The SJC found the summary’s error to be material because capital gains taxation may be economically significant to voters evaluating a proposed income tax reduction. In the court’s view, the summary’s omission and phrasing were likely to affect how voters understood the initiative. While the summary may have been intended to mirror the statute’s “technical tax categories,” as argued by the attorney general, the Court concluded that “the summary translates those categories into ordinary language in a way that materially misstates the proposal's effect.” SJC-13885, at 11-12. The Court did not require any specific factual showing, however, in support of this finding. Instead, the Court found speculations that “fiscal distributional consequences of that reduction may matter to voters who favor the petition, voters who oppose it, and voters still deciding” to be satisfactory for a materiality showing. Id. at 15-16. The Court concluded that while Article 48 does not require “definitive proof that the error will change the election outcome,” it nevertheless requires a “fair summary” that was lacking here. Id. at 16.
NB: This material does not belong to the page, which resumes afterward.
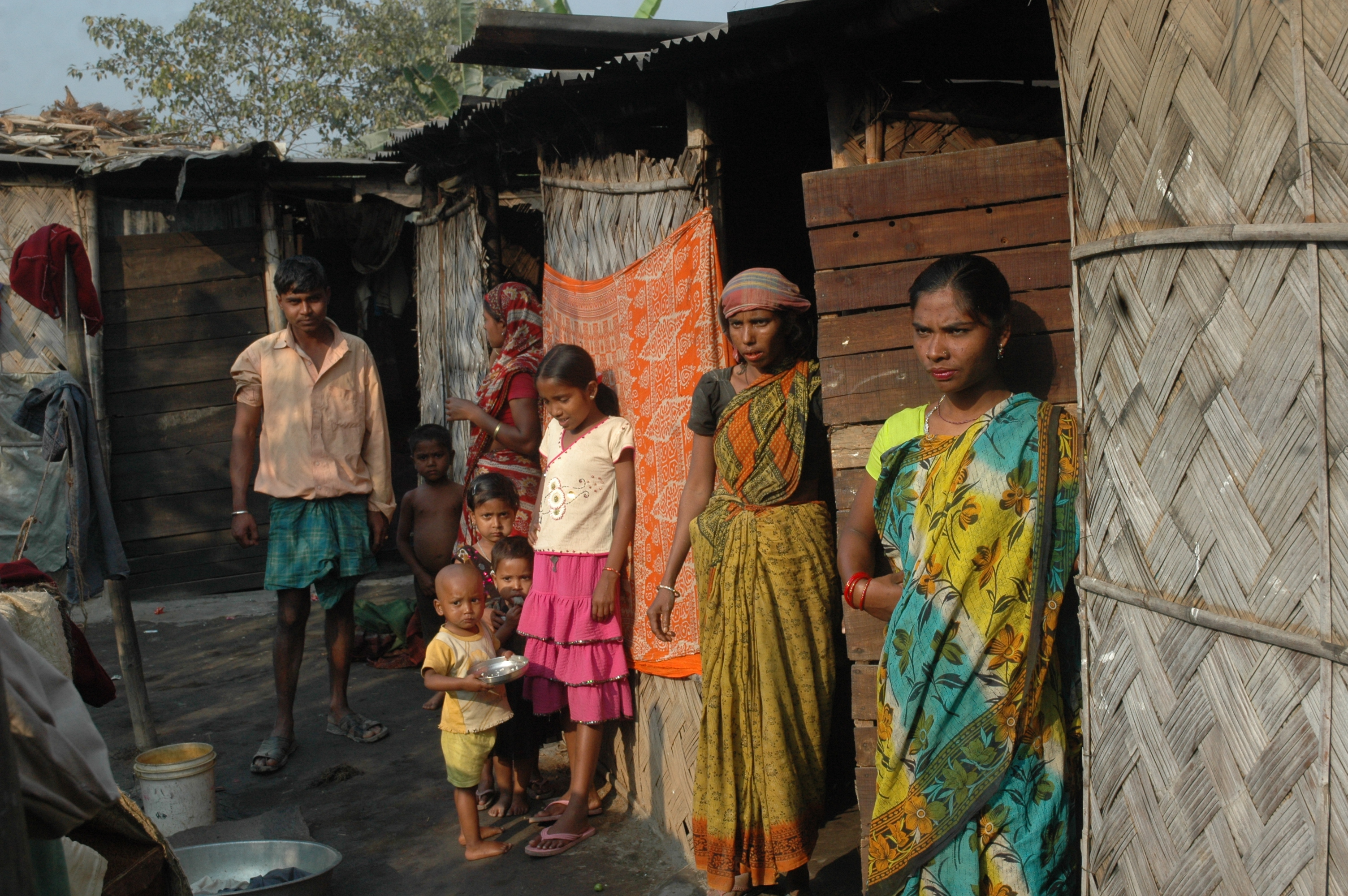 People of slum areas in Assam.

Because a reasonable voter might read the summary to mean that capital gains were unaffected by an income tax rate reduction, the Court held that the summary failed to provide the fair and intelligent description required under Article 48. The initiative therefore cannot proceed to the ballot.

No Post-Signature Cure

The decision also underscores the strict procedural requirements governing Massachusetts ballot initiatives. The Court rejected the proponent-intervenors’ suggestion that the Court allow the attorney general to revise the summary voluntarily. The Court pointed out that while Article 48 expressly provides a process for amending an initiative petition if not passed by the legislature, Article 48 contains no comparable provision for revising a deficient summary. Under Article 48, the summary appears both on the signature forms used by voters to request that the petition be placed on the ballot, and on the ballot itself. The Court pointed out that it was at least fair to question whether the more than 85,000 signatures collected in support of the initiative petition were validly collected, in light of the problematic summary. Id. at 18.

Conclusion

Finfer illustrates the technical demands that Article 48 imposes both on ballot question proponents and the Attorney General’s Office. Ballot questions concerning Massachusetts’ tax laws may continue to play a central role in Massachusetts tax policy going forward.

For future Massachusetts tax initiatives, Finfer underscores that precision in both statutory drafting and voter-facing summaries is essential from the outset.